Check Your Heart
Speaker: Dr. Harold J. Sala | Series: Guidelines For Living | Nothing in all creation is hidden from God’s sight. Everything is uncovered and laid bare before the eyes of him to whom we must give account. Hebrews 4:13
When you go to your doctor for a physical, he thumps you, feels you for swelling, and otherwise pokes and prods. Like a policeman searching for a thief, he’s looking for anything that can cause you trouble. And if he finds anything that seems irregular, he wants to check it out. When I had a physical a few years ago, the doctor found a tiny lump near my collarbone. “Hum!” he said in that not-so comforting doctor tone, “we had better check this out.” He did, too. He wanted a biopsy—a tiny bit of flesh (my flesh, of course), which could be put under a microscope and examined. He explained that he would numb the spot and use a needle to get to the heart of the problem.
But when he brought out the needle, I thought, “Wow! There’s nothing tiny about that, and he’s going to jab me with it!” He did, and it wasn’t all that bad, and everything was OK. But I’ve been thinking about the whole procedure. Sometimes looking within and taking a few moments for reflection can be very healthful. David did that, and he was described in the book of Acts as a man after God’s own heart. He prayed, “Search me, O God, and know my heart; test me and know my anxious thoughts. See if there is any offensive way in me, and lead me in the way everlasting” (Psalm 139:23,24).
In effect, David asked God to take a biopsy of his heart, the kind that a cardiologist cannot do, and see what dark lurking evil might lie within—a pretty bold and even scary thought because when God diagnoses your inner thoughts, He makes no mistakes.
What are some of the evils which can be detected by a spiritual biopsy? Here are a few possibilities: pride, arrogance, hatred, jealousy, coldness, envy, lust, an unbridled tongue, and a host of others.
Here’s a rather personal question. If God should do a biopsy of your heart and have the angels in the laboratory of heaven put it under the microscope and prepare a report, what do you think they would find? The fact is that most of us don’t need a spiritual biopsy. We know what lurks in our hearts.
A pastor once preached a message on “besetting sins” and a young man came to him and said, “Pastor, I would confess my besetting sins but I just don’t know where to start.” The pastor replied, “When you kneel down before God, the first one that comes to your mind is where you need to start.”

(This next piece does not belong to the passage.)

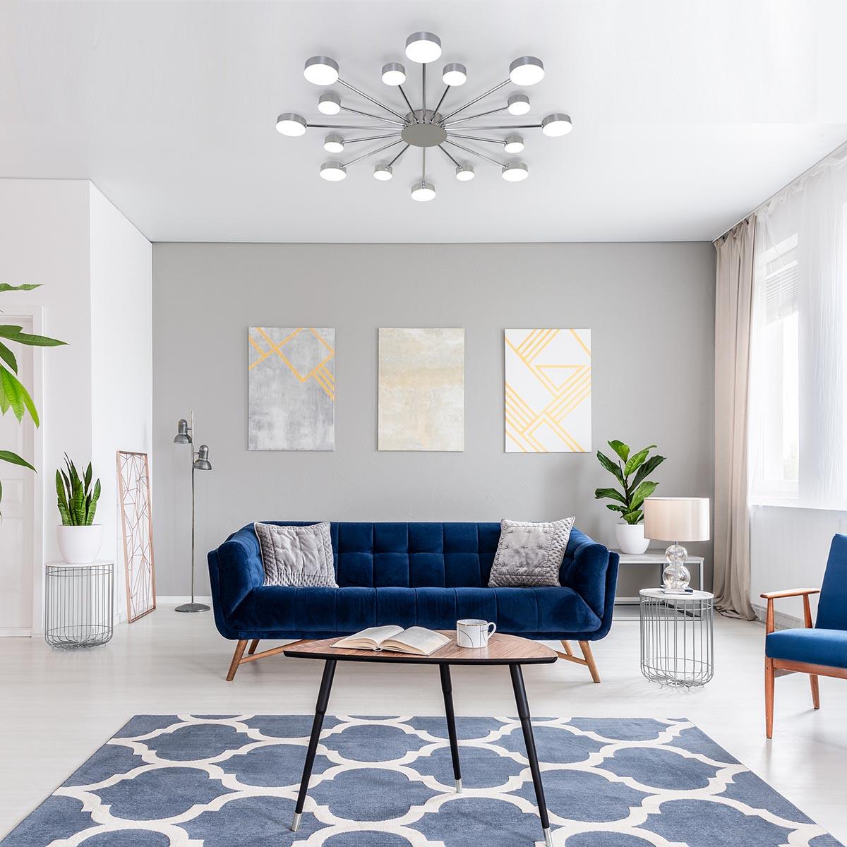 Невероятная модель 90242/16 хром от российской компании Eurosvet относится к коллекции Nitrino и отлично подойдет для установки на низкий потолок в гостиной, оформленной в стиле хай-тек. Осветительный элемент встроен в конструкцию и не требует приобретения дополнительных лампочек. Прибор произведен с использованием материалов: пластик и металл и может использоваться для натяжного потолка. В комплект поставки входит пульт дистанционного управления. Основным цветом товара является хромовый и белый. Потолочная светодиодная люстра 90242/16 хром продается по цене 37300 руб. Торопитесь сделать заказ в интернет-магазине SvetONe.

A closing thought: God already knows what is in your heart. He knows it all. He sees it all, and He takes note of the true condition of your life. The New Testament writer of Hebrews put it like this: “He knows about everyone, everywhere. Everything about us is bare and wide open to the all-seeing eyes of our living God; nothing can be hidden from him to whom we must explain all that we have done” (Hebrews 4:13, Living Bible). But David himself knew this. He began the psalm I quoted, saying, “O LORD, you have searched me and you know me. You know when I sit and when I rise; you perceive my thoughts from afar. You discern my going out and my lying down; you are familiar with all my ways” (Psalm 139:1-3).
But instead of thinking of God as a policeman, a judge with a black book recording our failures, David thought of Him as a loving Father who will forgive and who will guide us into the path of righteousness. “But with you there is forgiveness; therefore, you are feared,” David also wrote in Psalm 130:4. It’s still true.